Jupyter Hub on Kubernetes with LDAP

September 3th, 2016

In this post I am going to show some initial work I did in the last day to deploy Jupyter Hub in Kubernetes with user auth based on LDAP.

I wasn’t that much work considering that Jupyter Hub already had support for LDAP user auth and the modularity they have is amazing. It was quite straight forward to write a new spawner based on the existing one on the Jupyter Hub github org.

All the code in this post is at danielfrg/jupyterhub-kubernetes_spawner. Specifically in the examples directory.

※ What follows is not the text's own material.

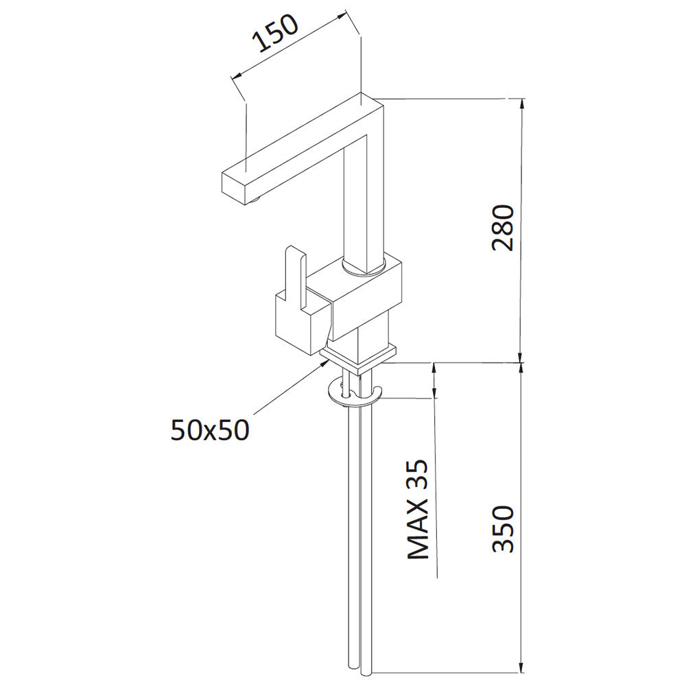 Miscelatore monocomando Lavello Cucina con bocca alta girevole Mariani Quadra 506/QN. Regolazione cartuccia a dischi ceramici ø 35 mm.

I consider this a nice example of a more production ready Jupyter Hub deployment being based on LDAP that for good or bad is everywhere and Kubernetes to deployment of the single user notebook servers.

Something I don’t talk is SSL certificates because its very well supported on Jupyter Hub and I think there is enough information about them on the Jupyter Hub docs and online. And yes, I was lazy to do it :)

Requirements

Basically the only requirement to get this running is a Kubernetes cluster (credentials) and time.

By far the best way to get a Kubernetes cluster is to use the Google Container Engine to create one.

From this point I am assuming you have one.

LDAP

LDAP will be the user directory that we are going to use authenticate in Jupyter Hub. Just as an example we are going to deploy openlpad and phpldapadmin as an UI also in the same Kubernetes cluster.

In the example directory I provide an ldap.yml file that has a simple kubernetes deployment object and one service to expose the phpldapadmin UI.

The deployment consist of only one Pod with two containers.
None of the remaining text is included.